# Task statement
Your copy of the listing should be exact and should contain no pictures.

# Data shown
........
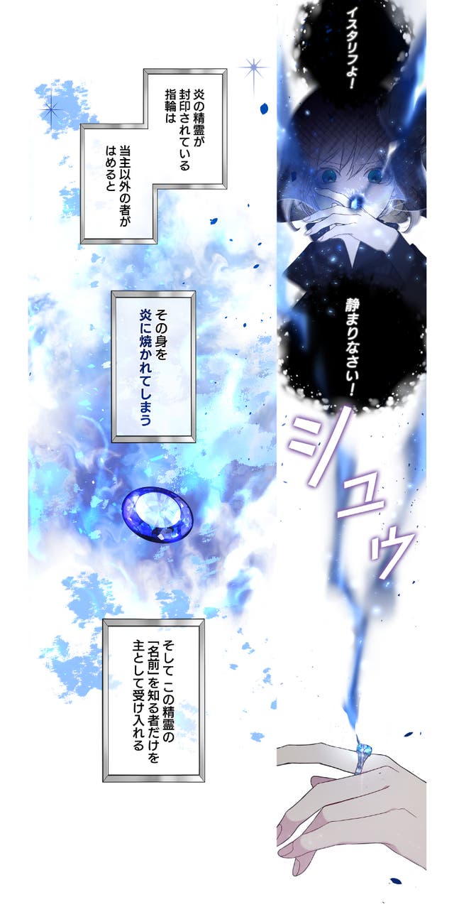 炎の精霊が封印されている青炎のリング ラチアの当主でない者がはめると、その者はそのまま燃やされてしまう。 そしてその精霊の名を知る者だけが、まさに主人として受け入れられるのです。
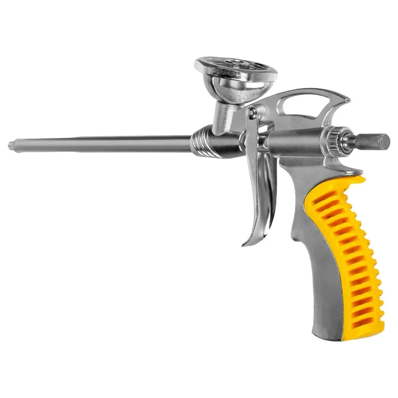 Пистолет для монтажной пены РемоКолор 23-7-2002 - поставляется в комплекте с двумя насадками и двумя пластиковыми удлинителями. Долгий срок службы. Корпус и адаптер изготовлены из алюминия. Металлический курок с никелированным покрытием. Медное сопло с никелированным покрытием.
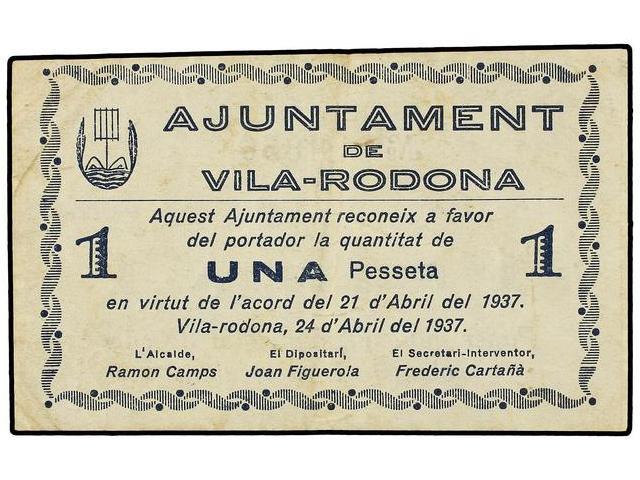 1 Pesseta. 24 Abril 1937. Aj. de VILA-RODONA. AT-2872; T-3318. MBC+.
........
# Exercise answer
 炎の精霊が封印されている青炎のリング ラチアの当主でない者がはめると、その者はそのまま燃やされてしまう。 そしてその精霊の名を知る者だけが、まさに主人として受け入れられるのです。
 Пистолет для монтажной пены РемоКолор 23-7-2002 - поставляется в комплекте с двумя насадками и двумя пластиковыми удлинителями. Долгий срок службы. Корпус и адаптер изготовлены из алюминия. Металлический курок с никелированным покрытием. Медное сопло с никелированным покрытием.
 1 Pesseta. 24 Abril 1937. Aj. de VILA-RODONA. AT-2872; T-3318. MBC+.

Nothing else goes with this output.